** EXTRACTED MATERIAL follows **

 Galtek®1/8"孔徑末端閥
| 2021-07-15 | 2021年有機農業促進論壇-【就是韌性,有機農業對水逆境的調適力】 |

** End of EXTRACTED MATERIAL **
** EXTRACTED MATERIAL follows **

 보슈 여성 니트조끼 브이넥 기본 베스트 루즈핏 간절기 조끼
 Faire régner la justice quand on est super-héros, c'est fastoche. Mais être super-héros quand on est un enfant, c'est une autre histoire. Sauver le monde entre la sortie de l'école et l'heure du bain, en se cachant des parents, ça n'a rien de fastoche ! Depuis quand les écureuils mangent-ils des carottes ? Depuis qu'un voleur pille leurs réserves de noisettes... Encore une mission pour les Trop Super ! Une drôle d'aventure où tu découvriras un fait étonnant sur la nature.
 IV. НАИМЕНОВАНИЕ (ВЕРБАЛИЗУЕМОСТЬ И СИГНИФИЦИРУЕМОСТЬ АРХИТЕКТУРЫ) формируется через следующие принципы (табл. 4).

** End of EXTRACTED MATERIAL **
** EXTRACTED MATERIAL follows **

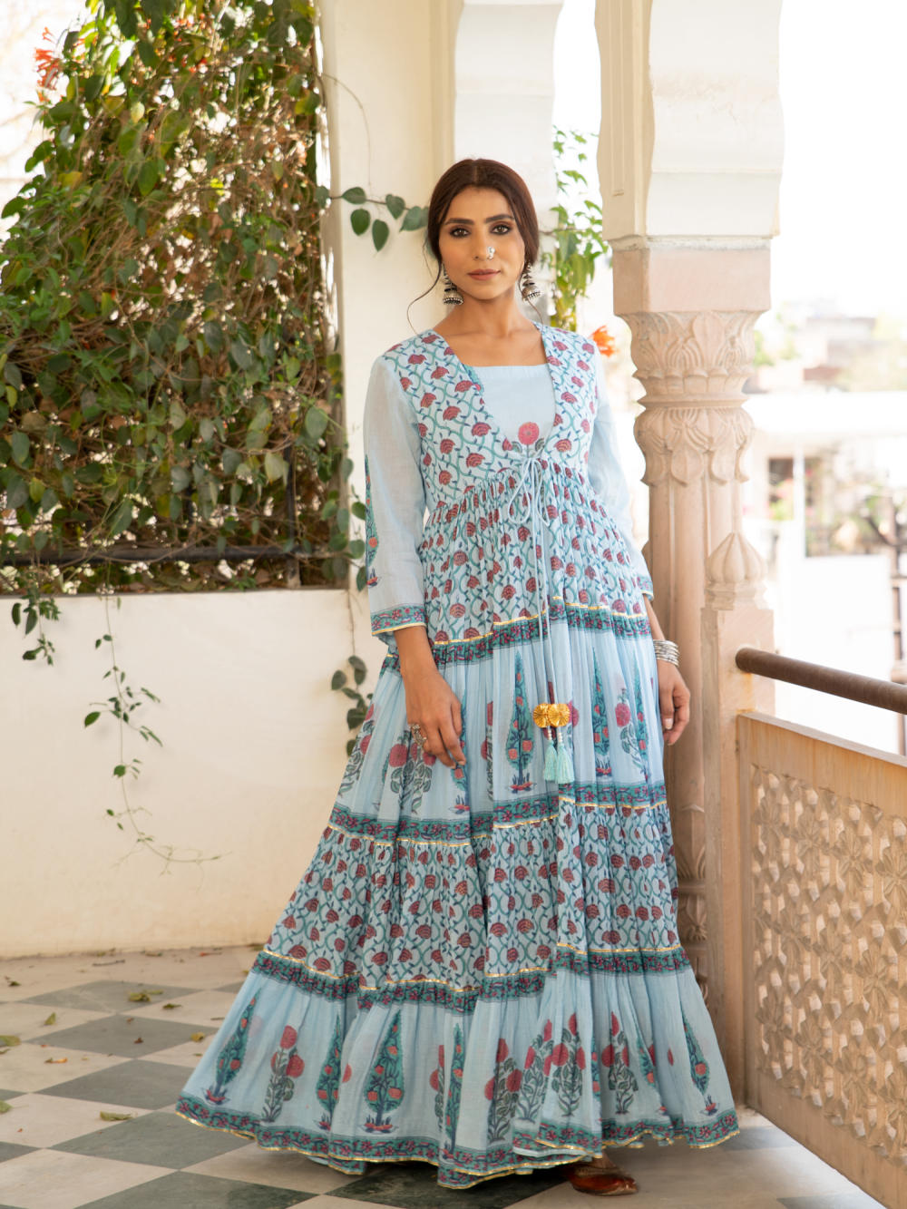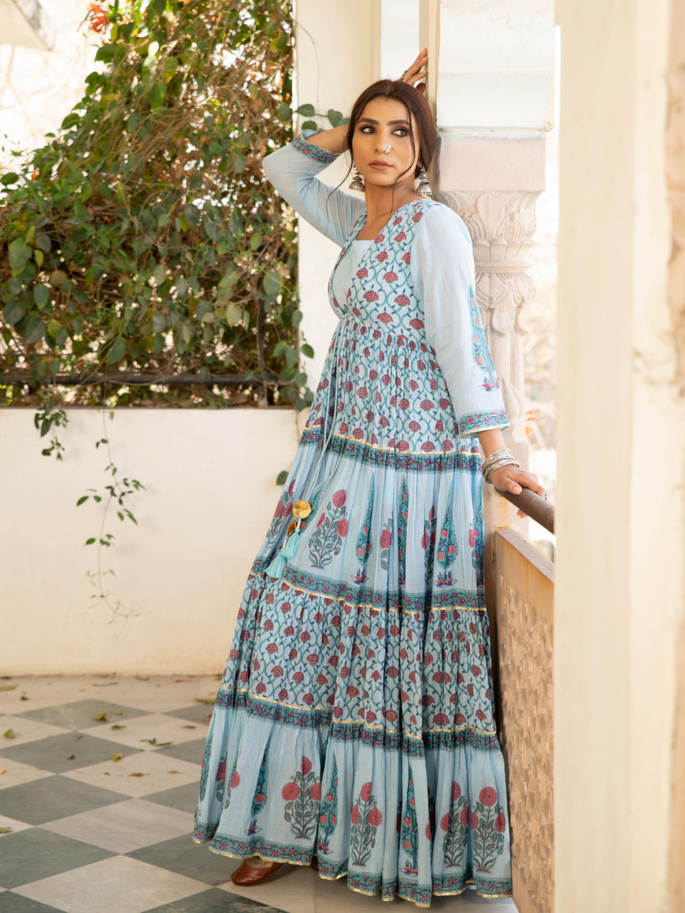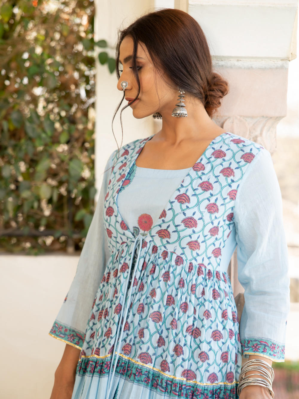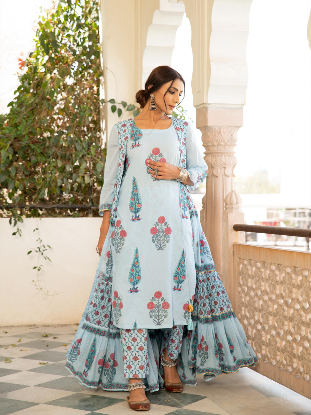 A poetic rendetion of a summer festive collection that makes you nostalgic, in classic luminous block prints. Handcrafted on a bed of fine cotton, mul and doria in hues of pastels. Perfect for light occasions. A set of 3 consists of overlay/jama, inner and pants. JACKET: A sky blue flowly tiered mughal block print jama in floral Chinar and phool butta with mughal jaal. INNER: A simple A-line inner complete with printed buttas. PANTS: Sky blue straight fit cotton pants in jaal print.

** End of EXTRACTED MATERIAL **

→ YOUR OBJECTIVE
From the records above, repeat exactly the lines from the one with "Faire régner la" through the one with "IV. НАИМЕНОВАНИЕ (ВЕРБАЛИЗУЕМОСТЬ", both included.

→ PROBLEM SOLUTION
 Faire régner la justice quand on est super-héros, c'est fastoche. Mais être super-héros quand on est un enfant, c'est une autre histoire. Sauver le monde entre la sortie de l'école et l'heure du bain, en se cachant des parents, ça n'a rien de fastoche ! Depuis quand les écureuils mangent-ils des carottes ? Depuis qu'un voleur pille leurs réserves de noisettes... Encore une mission pour les Trop Super ! Une drôle d'aventure où tu découvriras un fait étonnant sur la nature.
 IV. НАИМЕНОВАНИЕ (ВЕРБАЛИЗУЕМОСТЬ И СИГНИФИЦИРУЕМОСТЬ АРХИТЕКТУРЫ) формируется через следующие принципы (табл. 4).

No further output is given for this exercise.